Enfin, si M. [F] et Mme [I] indiquent dans la partie discussion de leurs conclusions, qu'ils sollicitent à titre subsidiaire l'indemnisation de leur préjudice à hauteur de 130 000 euros au titre de la perte de chance de ne pas contracter, la cour constate que cette demande n'est pas reprise dans le dispositif de leurs conclusions de sorte qu'elle n'en est pas saisie. En effet, selon l'article 954 alinéa 3 du code de procédure civile, la cour ne statue que sur les prétentions énoncées au dispositif et n'examine les moyens au soutien de ces prétentions que s'ils sont invoqués dans la discussion.

Sur les dépens et les frais irrépétibles :

La société BNP Paribas Personal Finance, qui succombe pour l'essentiel, sera condamnée aux dépens de la procédure d'appel.

La société BNP Paribas personal Finance demande, dans son dispositif, à la cour d'infirmer le jugement rendu par le Tribunal judiciaire de Paris le 11 mai 2023 (RG 13/06722) en ce qu'il l'a débouté de sa demande au titre de l'article 700 du code de procédure civile.

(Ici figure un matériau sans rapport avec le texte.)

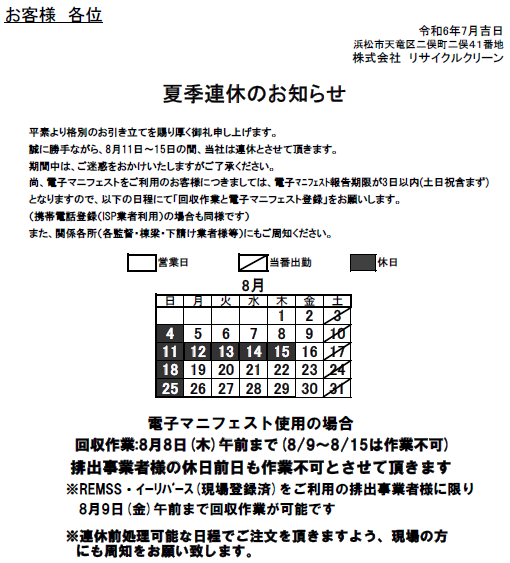 浜松市】8月お盆休み連休のお知らせ【リサイクルクリーン
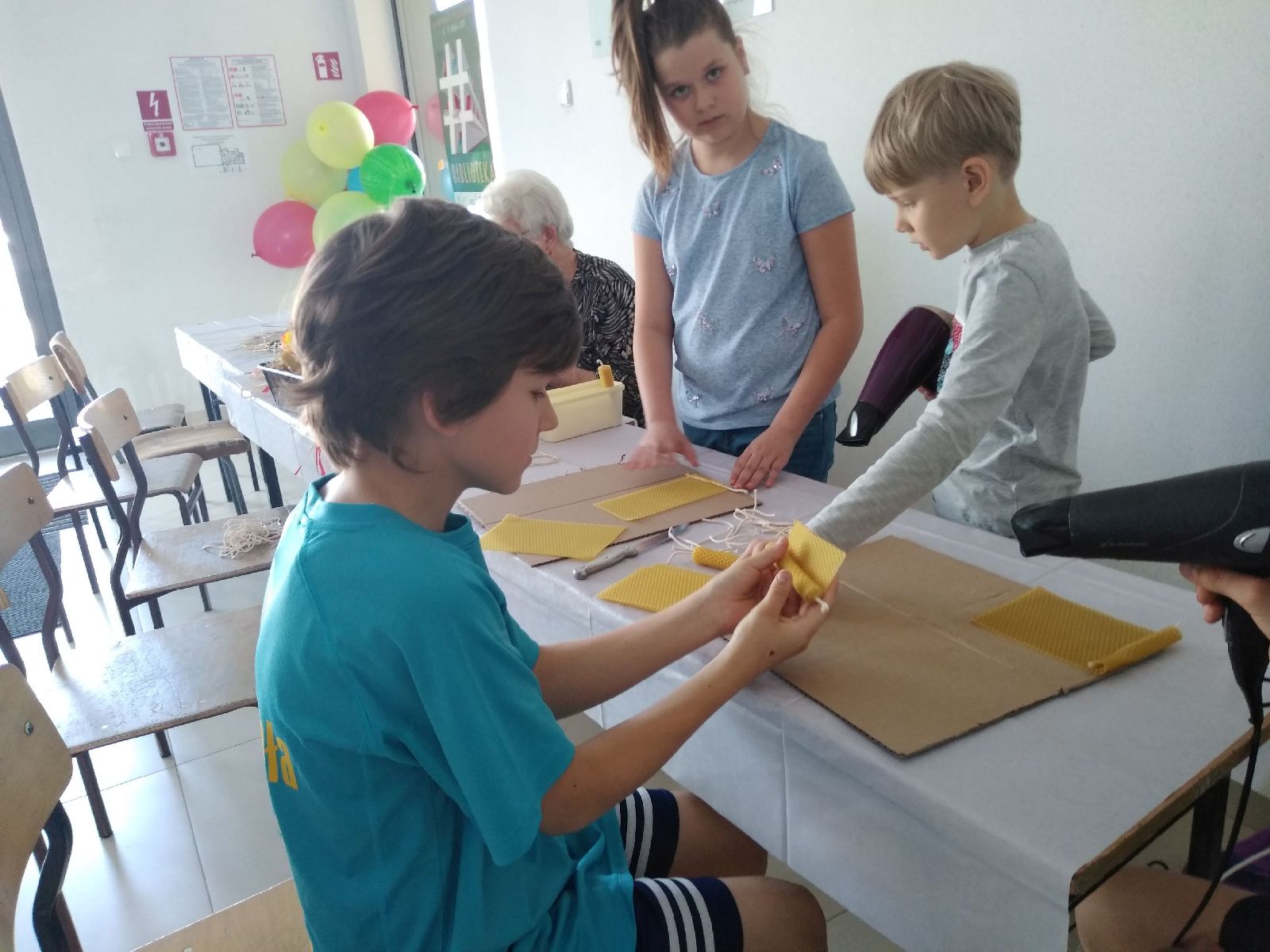 Również tego dnia odbyÅ‚y siÄ™ warsztaty robienia Å›wiec z wÄ™zy pszczelarskiej, które poprowadziÅ‚a pani Agnieszka Malesza –Dyrektor Biblioteki.
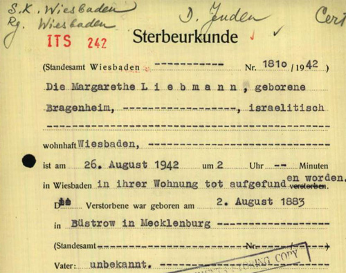 Suizid nicht, wie bei Margarete Liebmann, in Zusammenhang mit einer Deportation
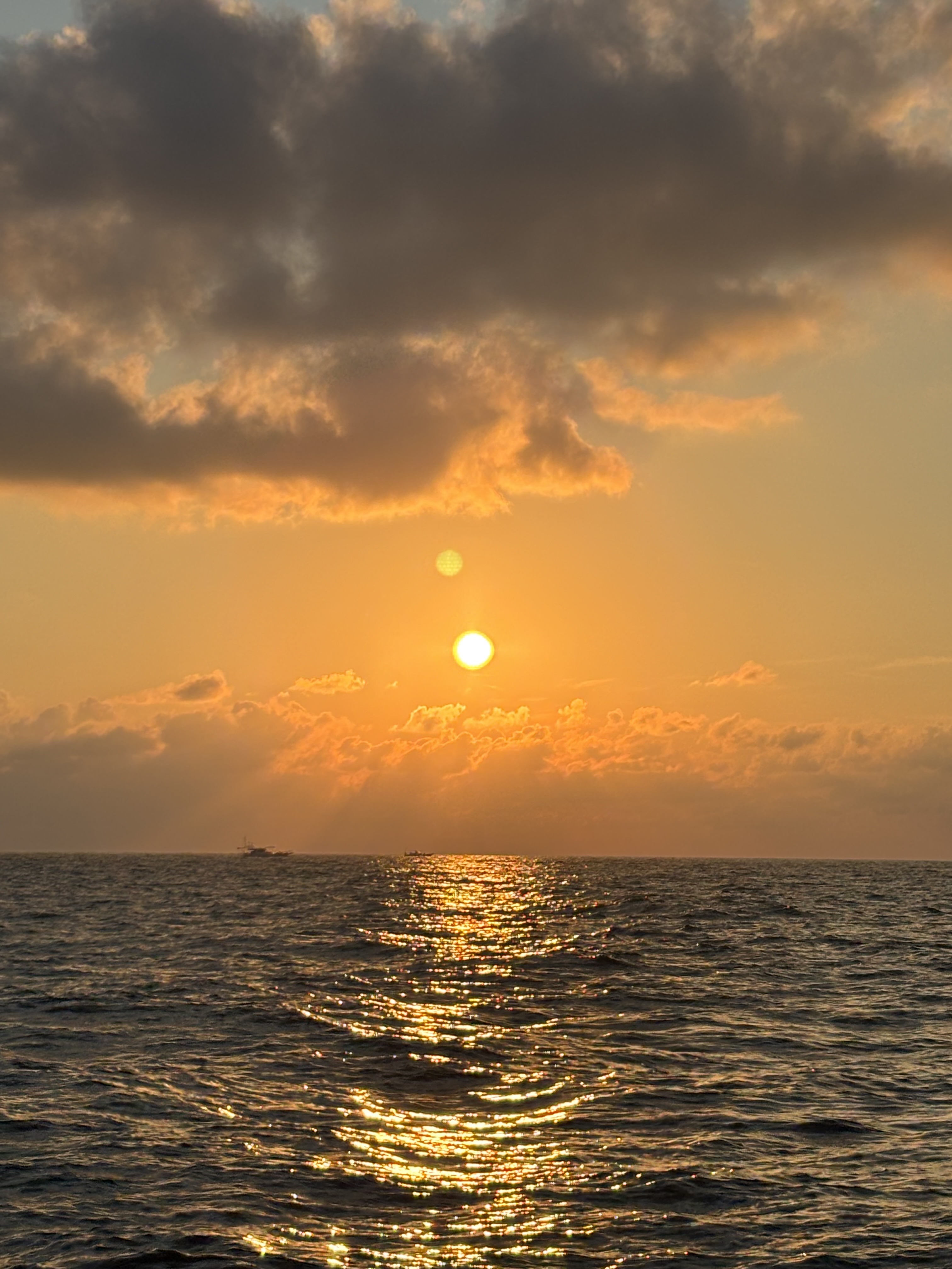太陽が出ている間はアタリすらなく、同行者とおしゃべりしながらのんびりと日没を待つ時間に☀️
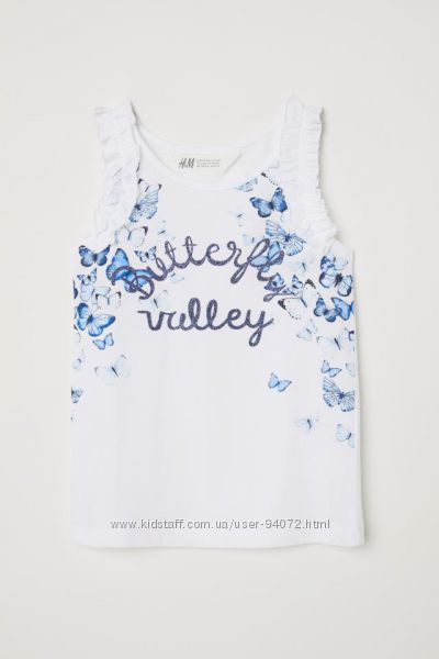H&M Маечки с рюшами и принтом бабочки для 4-6 лет в наличии
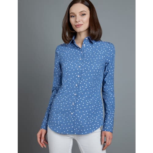 Buy Women's Royal & White Dobby Spot Fitted Shirt - Single Cuff in Nigeria
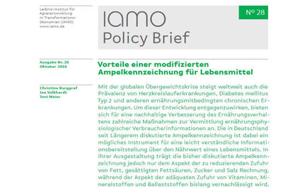 Im IAMO Policy Brief 28 "Vorteile einer modifizierten Ampelkennzeichnung für Lebensmittel" erläutern die Wissenschaftler ihren Vorschlag einer modifizierten Lebensmittelampel. Mit einer solchen Kennzeichnung wäre der ernährungsphysiologisch positive Beitrag der in den Lebensmitteln enthaltenen Vitamine, Mineralstoffe und Ballaststoffe deutlich für den Verbraucher erkennbar. Auch wenn die Ampelkennzeichnung keine allgemeingültige Einteilung in gesündere und ungesündere Lebensmittel bietet, stellt sie doch eine sinnvolle Ergänzung zu anderen Maßnahmen für eine gesündere Ernährung dar. Ähnlich wie für die Klassifizierung der als riskant bewerteten Inhaltsstoffe seitens der EU, könnten auch für die Bewertung des Gehalts positiver Inhaltsstoffe die von der EU vorgegebenen Referenzwerte der Ampel zugrunde gelegt werden. Hierbei würde es sich dann nicht um obere Richtwerte, sondern um adäquate Mindestmengen handeln.

Néanmoins, la cour ne peut statuer sur cette demande, n'étant pas saisie d'un appel de cette décision.

Enfin, la société BNP Paribas Personal Finance sera condamnée à payer à M. [F] et Mme [I] la somme de 3 000 euros au titre de leurs frais irrépétibles d'appel.

PAR CES MOTIFS,

La cour statuant publiquement, par arrêt contradictoire et en dernier ressort, mis à disposition au greffe,

Confirme le jugement déféré ;

Y ajoutant :

Constate que la société BNP Paribas Personal Finance acquiesce à la demande de M. [K] [T] [F] et Mme [E] [I] d'annulation du contrat de prêt conclu le 30 septembre 2008 fondée sur la stipulation de clauses abusives ;

Prononce l'annulation du contrat de prêt conclu le 30 septembre 2008 entre la société BNP Paribas Personal Finance et M. [K] [T] [F] et Mme [E] [I] ;

Dit que la demande subsidiaire de nullité du contrat de prêt pour dol est sans objet ;

Déboute M. [K] [T] [F] et Mme [E] [I] de leur demande d'indemnisation pour manquement de la banque à son obligation d'information ;

Condamne la société BNP Paribas Personal Finance à payer à M. [K] [T] [F] et Mme [E] [I] la somme de 3 000 euros sur le fondement de l'article 700 du code de procédure civile au titre des frais exposés en appel et non compris dans les dépens ;

Condamne la société BNP Paribas Personal Finance aux dépens d'appel.